Level 2: Shiny Object Syndrome
This meme is making fun of a situation that many developers encounter, especially early in their careers: getting distracted by a new tool or library instead of focusing on finishing the project at hand. In the image, the guy labeled “COWORKER” represents that team member who is easily tempted by new tech. He’s supposed to be working with “ME TRYING TO BUILD A FUNCTIONAL APPLICATION” (that’s the project or goal we’re all working toward – making a stable, usable app). But he’s turning around to stare at “NEW UNTESTED LIBRARY WITH 50 OPEN ISSUES.” In real-world terms, a library is a chunk of code someone else wrote that you can plug into your application to add features or help you do something faster. It becomes a dependency, meaning your app now depends on that external code. Open issues refers to problems or bug reports on that library’s project page (for example, on GitHub). So saying a library has 50 open issues means there are 50 known problems or requests that haven’t been resolved yet. That’s a sign the library might not be very stable or finished.
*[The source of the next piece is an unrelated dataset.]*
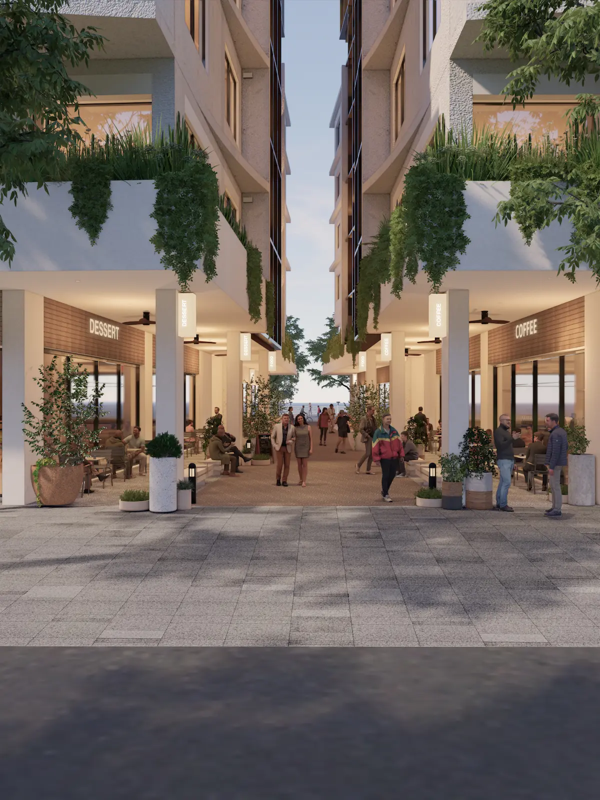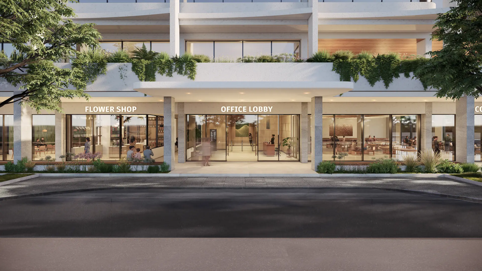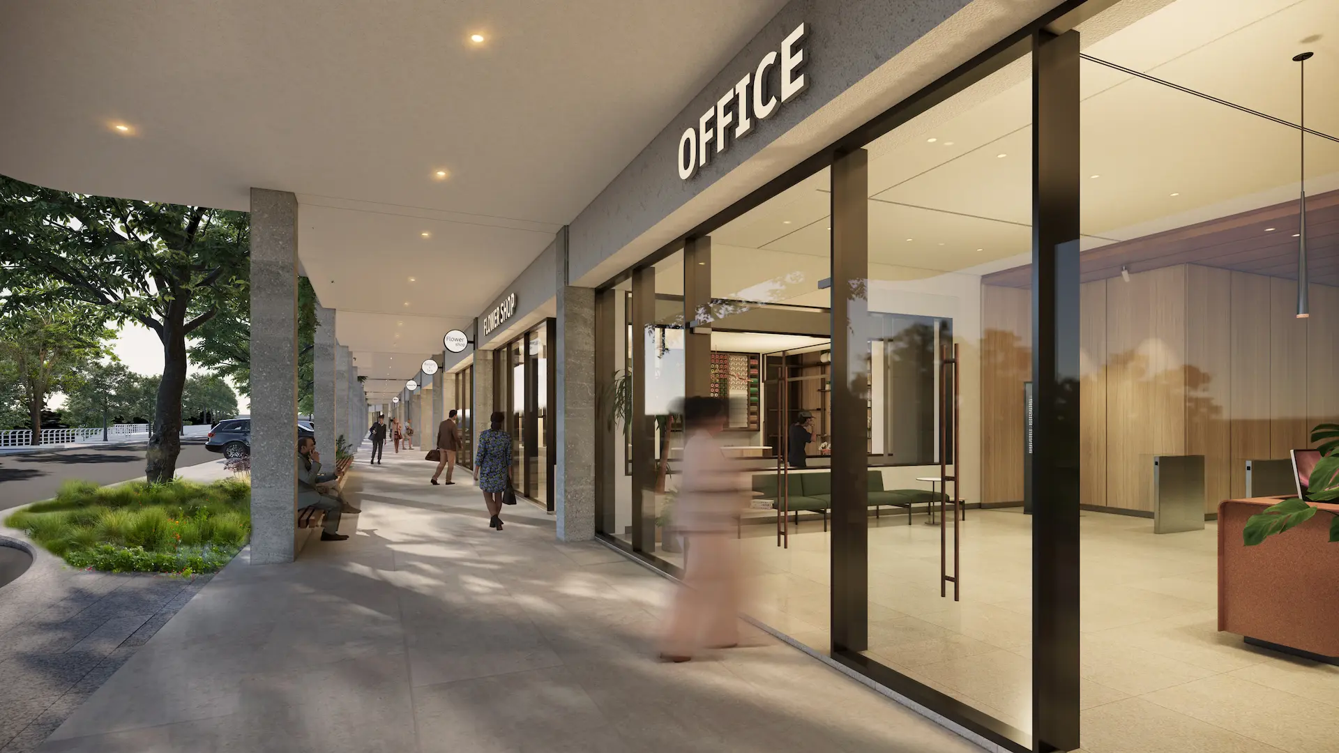 At street level, boutique retail, cafés, banking, and everyday amenities sit beneath a shaded pedestrian arcade

It’s like seeing a product with a bunch of customer complaints that haven’t been addressed.
Shiny object syndrome is a phrase we use when someone keeps chasing the newest, flashiest thing and loses focus on what they’re supposed to be doing. In software, this often happens when a developer reads about a cool new framework or sees a trending open-source library and immediately wants to use it, even if the current tools were working fine. For example, imagine you’re comfortable with a certain JavaScript framework for your web app, but then you hear about a brand new framework that everyone on Reddit is talking about. You haven’t tried it before, it’s version 0.5 (so it’s not even complete), and there are posts about bugs in it. If you drop everything to rewrite your app using this new framework just because it’s new, that’s shiny object syndrome. The meme exaggerates this by showing the coworker practically drooling over the new library (the “shiny object”) while ignoring the annoyed partner (the working application that needs his attention). It’s funny to developers because it’s a common temptation. We love learning new things and playing with new tools – it’s a big part of the tech culture. But it can become a problem when it distracts from finishing the product or when the new tool isn’t mature.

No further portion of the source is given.